Dataset excerpts:
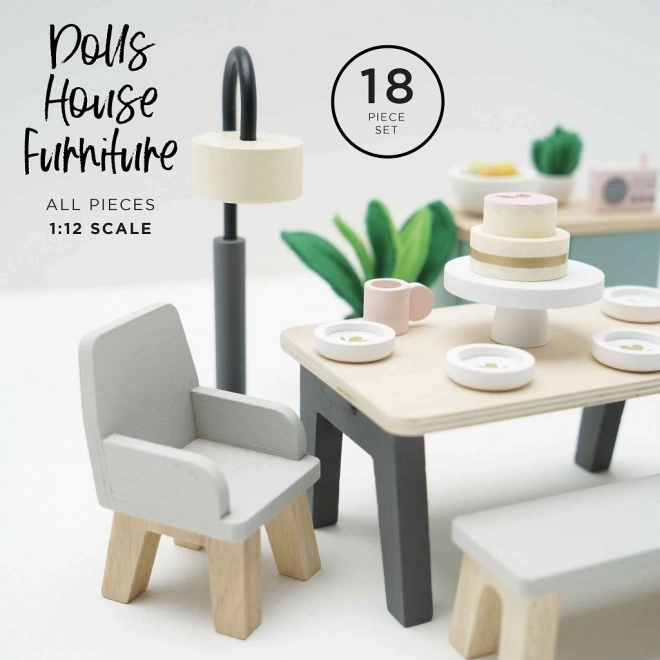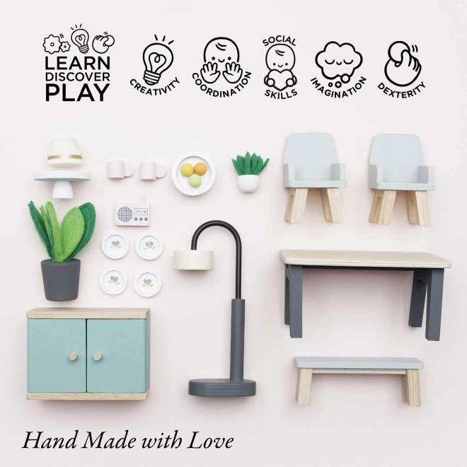 Този очарователен трапезен комплект е изработен от висококачествена дървесина с FSC сертификация и носи щрих на изисканост във всяка къща за кукли. Съдържа 18 елемента, включително маса, две кресла, пейка, лампа, шкаф за прибори и декоративни допълнения като растения, купа с плодове и торта. Комплектът не само изглежда красиво, но и подпомага когнитивните и комуникационните умения на децата. Той е декориран с нетоксични бои на водна основа и е съвместим с други къщи за кукли Le Toy Van.
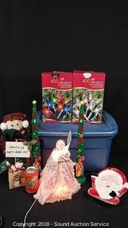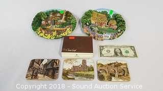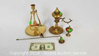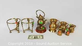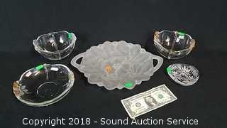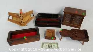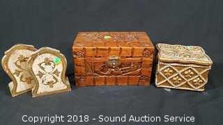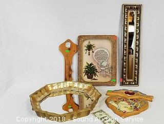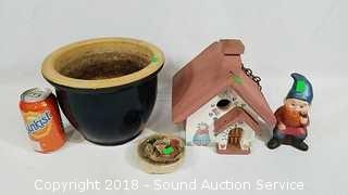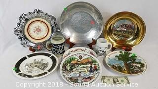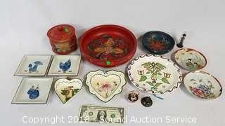 Includes: Rustic Gardeners Tool w/Pocket Sheath, Floral Print Fine Porcelain Trinket Dishes & Vases, Brass Handheld Candlestick Holder & Oil Lamp, Art Pottery Vase, Canister & Salt Shaker, Wooden Sugar Dish, Honey Pot, Incense Holder &More, Various Solid Brass Dishes & Decor, Various Collectible Foreign Mugs & Plates, Various Hand Painted Wooden Bowls & Dishes, Large Aluminum & Silverplate Chargers & Tray, Handmade Lattice Dish & Trinket Dish, Tia Maria Schmidt Brazil Demitasse Cups & Saucers, Various Latch Hook Yarn & Snow Cover Blankets, Pottery Planter, Birdhouse, Gnome & Squirrel Decor, Tote Loaded w/Christmas Ornaments & Avon Dishes, Tote w/Christmas String Lights, Topper & Decor, Carved Wooden Chest, Trinket Box & Bookends, Franklin Mint High Relief Cottage Decor & Coasters, Pair of Occupied Japan Tea Cups, Various Wooden Jewelry Boxes & Decor, Mirrors & Wall Home Decor, Various Collectors Spoons & Tin Tray, 5pc. Crystal Bowls, Ashtray & Frosted Plate, Lovely Cut Crystal Pitcher & Trinket Dish, 1950 Walt Disney's
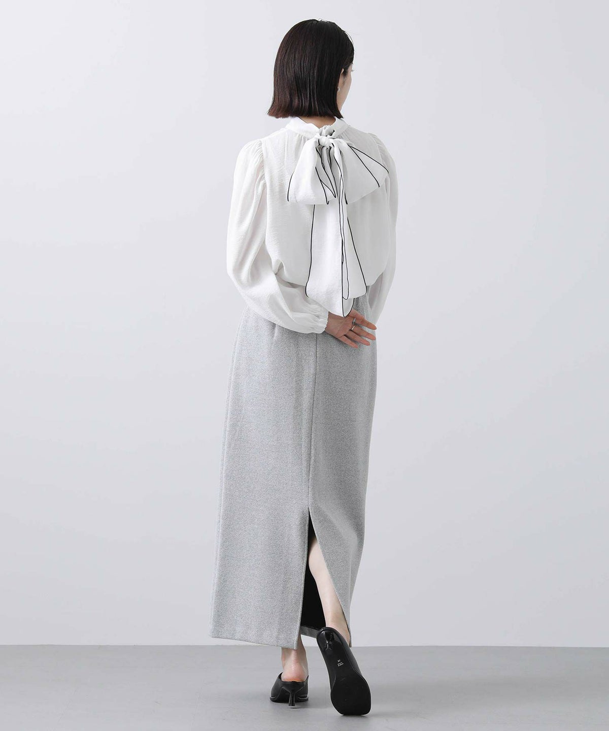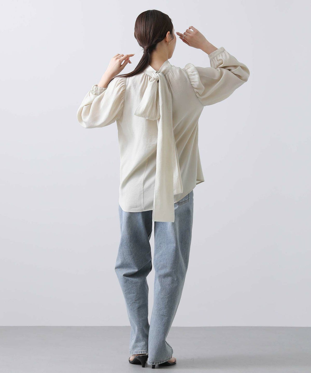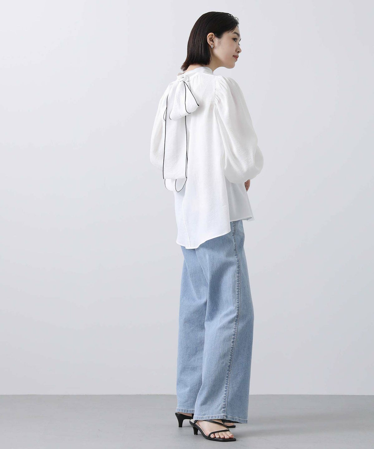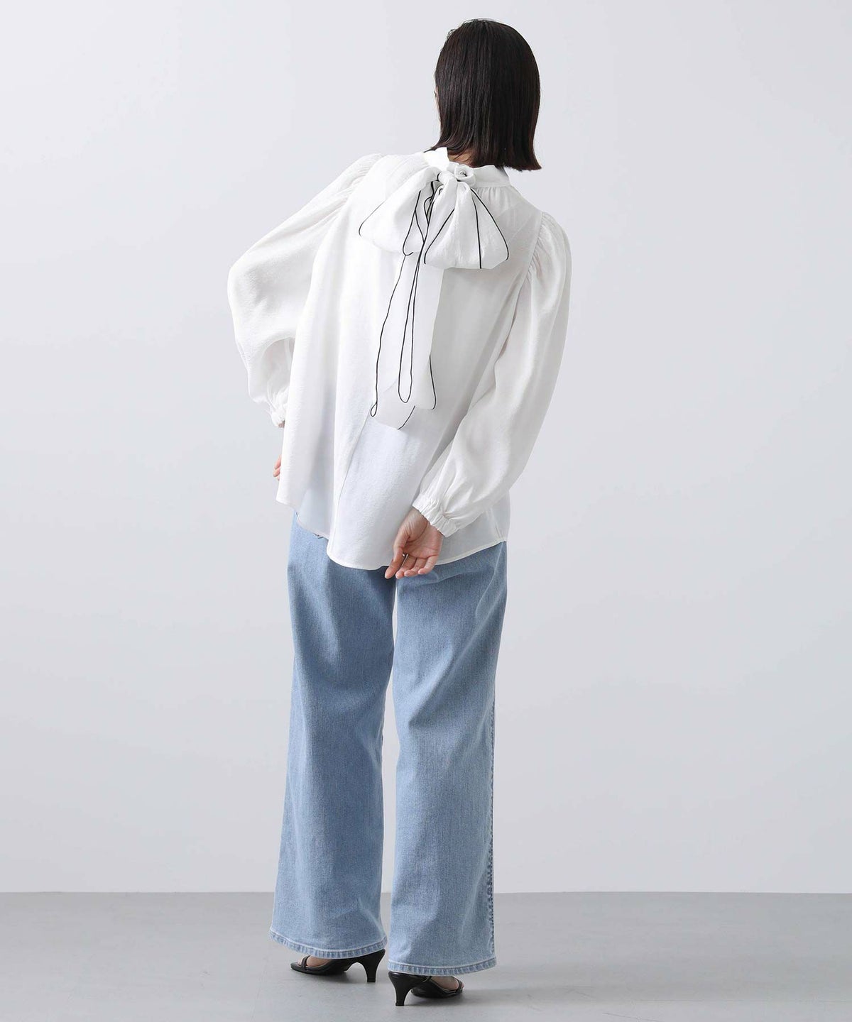 f.シアー配色リボンブラウス
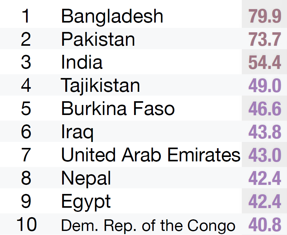 这份年度报告是基于134个国家和地区三万多个监测站的数据统计的。IQAir经理克里斯蒂·切斯特·施罗德(Christi Chester Schroeder)表示:“由于[南亚]气候条件和地理的原因,PM2.5 浓度会不断飙升,因为污染物无法消散。”
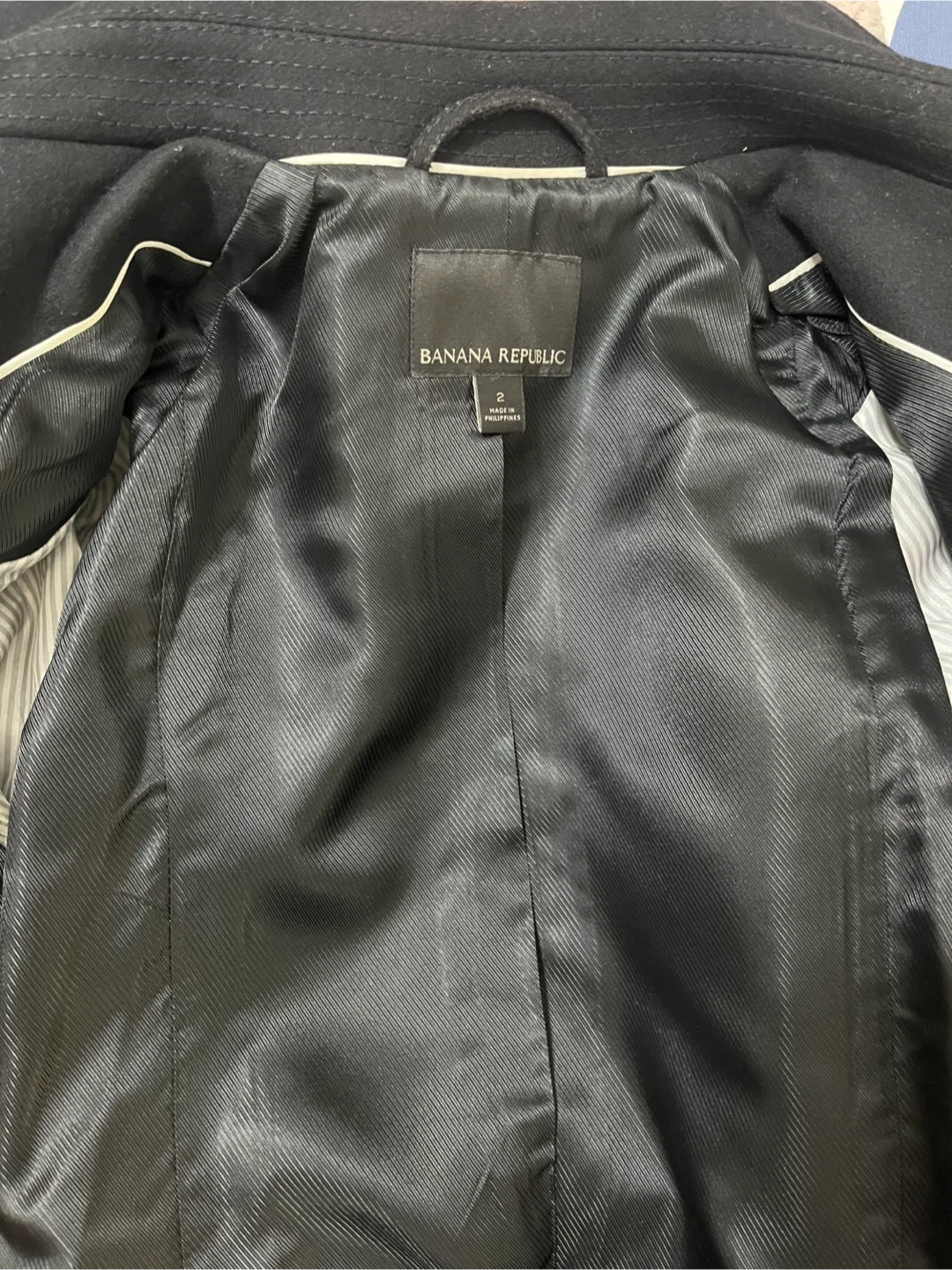 Banana Republic Black Wool Blend Trench Coat Size 2
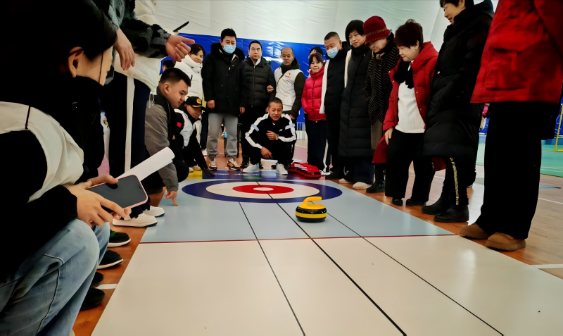 圖為志愿者協(xié)助殘疾人體驗旱地冰壺
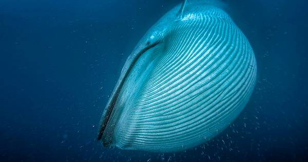 须鲸科利用其巨嘴来滤食磷虾和鱼。
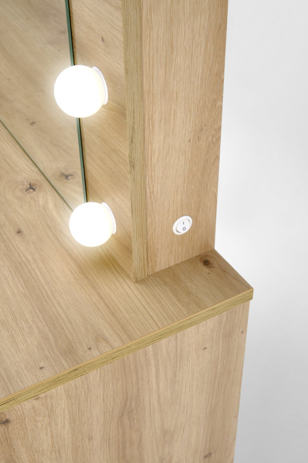 toaletka, wymiary: 94/43/140 cm, materiał: płyta meblowa okleinowana, oświetlenie LED, kolor: dąb artisan
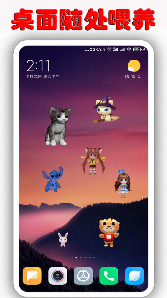 2、选择完成后,你的手机桌面上会有可爱的萌宠。
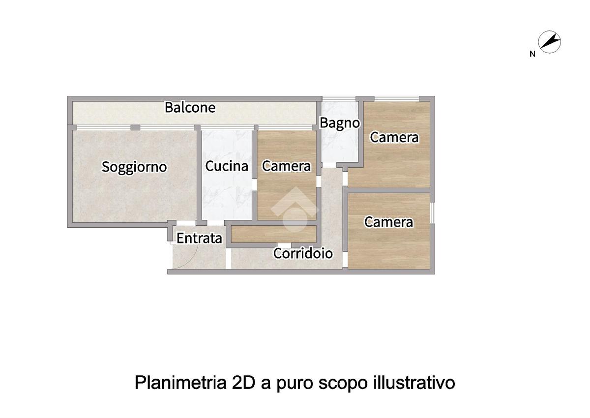 L'immobile vede la seguente distribuzione interna: ingresso, cucina abitabile con affaccio su balcone, soggiorno anch'esso con affaccio, tre camere da letto di cui una con affaccio, ripostiglio e infine un bagno finestrato con vasca.

Exercise brief: Reproduce the listing word for word, but keep the pictures out of it.

Solution:
 Този очарователен трапезен комплект е изработен от висококачествена дървесина с FSC сертификация и носи щрих на изисканост във всяка къща за кукли. Съдържа 18 елемента, включително маса, две кресла, пейка, лампа, шкаф за прибори и декоративни допълнения като растения, купа с плодове и торта. Комплектът не само изглежда красиво, но и подпомага когнитивните и комуникационните умения на децата. Той е декориран с нетоксични бои на водна основа и е съвместим с други къщи за кукли Le Toy Van.
 Includes: Rustic Gardeners Tool w/Pocket Sheath, Floral Print Fine Porcelain Trinket Dishes & Vases, Brass Handheld Candlestick Holder & Oil Lamp, Art Pottery Vase, Canister & Salt Shaker, Wooden Sugar Dish, Honey Pot, Incense Holder &More, Various Solid Brass Dishes & Decor, Various Collectible Foreign Mugs & Plates, Various Hand Painted Wooden Bowls & Dishes, Large Aluminum & Silverplate Chargers & Tray, Handmade Lattice Dish & Trinket Dish, Tia Maria Schmidt Brazil Demitasse Cups & Saucers, Various Latch Hook Yarn & Snow Cover Blankets, Pottery Planter, Birdhouse, Gnome & Squirrel Decor, Tote Loaded w/Christmas Ornaments & Avon Dishes, Tote w/Christmas String Lights, Topper & Decor, Carved Wooden Chest, Trinket Box & Bookends, Franklin Mint High Relief Cottage Decor & Coasters, Pair of Occupied Japan Tea Cups, Various Wooden Jewelry Boxes & Decor, Mirrors & Wall Home Decor, Various Collectors Spoons & Tin Tray, 5pc. Crystal Bowls, Ashtray & Frosted Plate, Lovely Cut Crystal Pitcher & Trinket Dish, 1950 Walt Disney's
 f.シアー配色リボンブラウス
 这份年度报告是基于134个国家和地区三万多个监测站的数据统计的。IQAir经理克里斯蒂·切斯特·施罗德(Christi Chester Schroeder)表示:“由于[南亚]气候条件和地理的原因,PM2.5 浓度会不断飙升,因为污染物无法消散。”
 Banana Republic Black Wool Blend Trench Coat Size 2
 圖為志愿者協(xié)助殘疾人體驗旱地冰壺
 须鲸科利用其巨嘴来滤食磷虾和鱼。
 toaletka, wymiary: 94/43/140 cm, materiał: płyta meblowa okleinowana, oświetlenie LED, kolor: dąb artisan
 2、选择完成后,你的手机桌面上会有可爱的萌宠。
 L'immobile vede la seguente distribuzione interna: ingresso, cucina abitabile con affaccio su balcone, soggiorno anch'esso con affaccio, tre camere da letto di cui una con affaccio, ripostiglio e infine un bagno finestrato con vasca.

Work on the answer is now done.